4. NO EXPRESS OR IMPLIED AGREEMENT TO DISSEMINATE MATERIALS WHICH ARE INCONSISTENT WITH YOUR WARRANTIES.
Receipt by Spanlogic of data for storage in Web Site Space and/or transmission via Spanlogic's Equipment which are inconsistent with your warranties set forth in Section 7 herein shall not constitute an agreement by Spanlogic to allow the Spanlogic Services or the Spanlogic Equipment to be used to disseminate such information or data in whole or in part, by any means, or if once disseminated via the use of Spanlogic's Services or Equipment, to continue to disseminate such data.
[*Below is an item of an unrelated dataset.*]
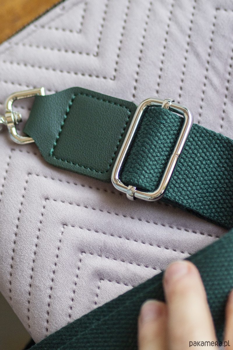 Torebka posiada regulowany zielony pasek i srebrne okucia.
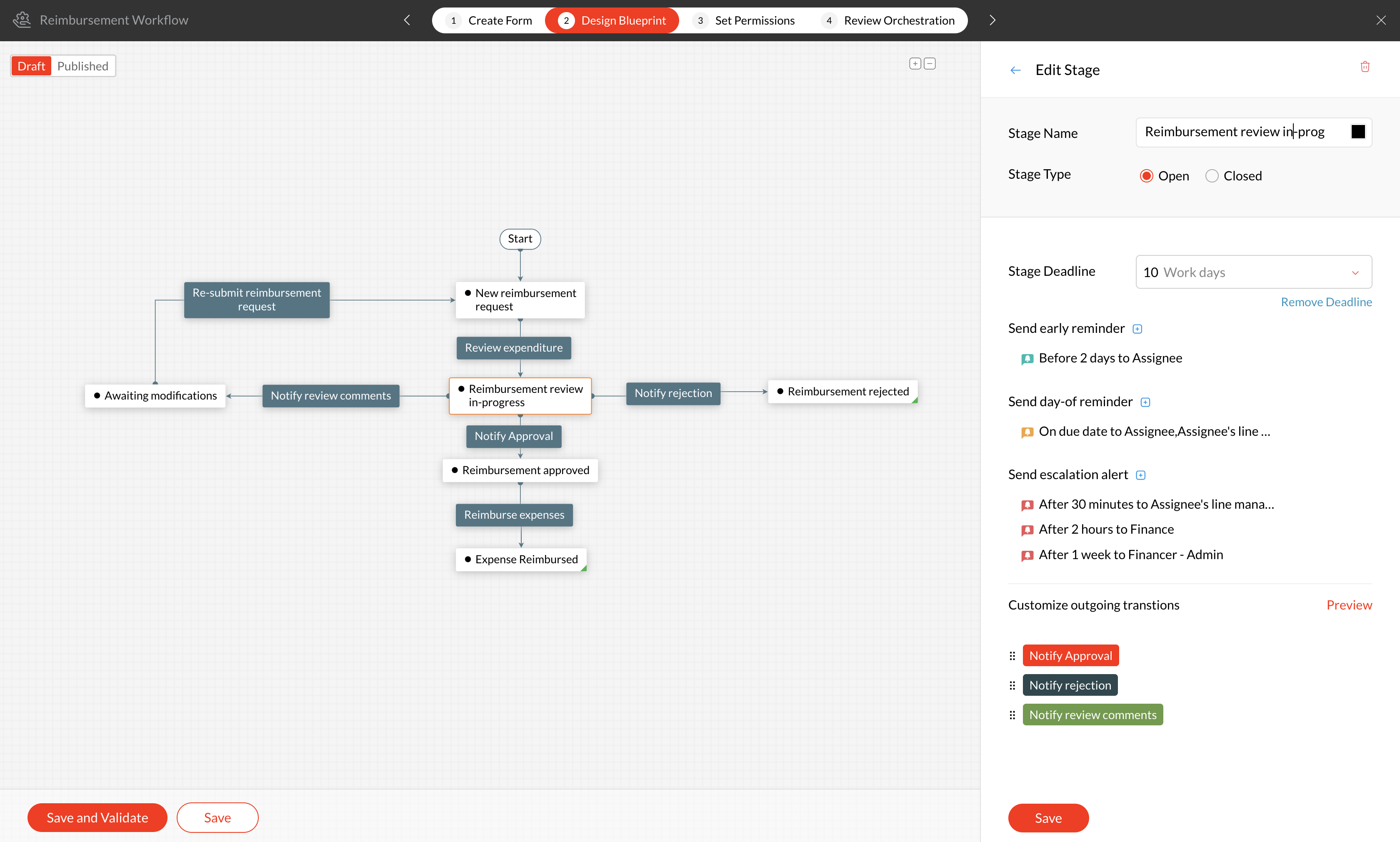 O fluxo de trabalho de Reembolso de Helen contém etapas como revisão, aprovação e rejeição. Vamos ver como podemos criar um Blueprint para ele.

5. NO WARRANTIES BY SPANLOGIC.
THE SPANLOGIC SERVICE AND SPANLOGIC SOFTWARE ARE PROVIDED ON AN "AS IS" BASIS WITHOUT WARRANTY OF ANY KIND, EXPRESS OR IMPLIED. YOU EXPRESSLY AGREE THAT THE USE OF THE SERVICE IS AT YOUR SOLE RISK. SPANLOGIC DOES NOT WARRANT THAT THE SPANLOGIC SERVICES WILL BE UNINTERRUPTED OR ERROR FREE, NOR DOES SPANLOGIC MAKE ANY WARRANTY AS TO ANY RESULTS THAT MAY BE OBTAINED BY USE OF THE SPANLOGIC SERVICES. NO WARRANTY IS MADE BY SPANLOGIC REGARDING ANY INFORMATION, SERVICES OR PRODUCTS PROVIDED THROUGH OR IN CONNECTION WITH THIS AGREEMENT, AND SPANLOGIC HEREBY EXPRESSLY DISCLAIMS ANY AND ALL WARRANTIES, INCLUDING WITHOUT LIMITATION: (1) ANY WARRANTIES AS TO THE AVAILABILITY, QUALITY, QUANTITY, OR CONTENT OF SERVICES OR GOODS PROVIDED TO YOU HEREUNDER, INCLUDING BUT NOT LIMITED TO YOUR SERVICES AND YOUR WEB SITE; AND (2) ANY WARRANTIES OF MERCHANTABILITY OR FITNESS FOR A PARTICULAR PURPOSE. SPANLOGIC DOES NOT GUARANTEE THAT ANY CONTENT, INFORMATION, SOFTWARE OR OTHER MATERIAL ACCESSIBLE THROUGH THE SPANLOGIC SERVICES WILL BE FREE OF VIRUSES, "WORMS", "TROJAN HORSES", OR OTHER HARMFUL COMPONENTS. YOU AGREE AND ACKNOWLEDGE THAT NO REPRESENTATIONS OF ANY KIND HAVE BEEN MADE TO YOU REGARDING THE POTENTIAL VOLUME OF PATRONAGE OF YOUR WEB SITE OR ANY OTHER PERSON'S OR ENTITY'S WEB SITE OR WEB PAGE.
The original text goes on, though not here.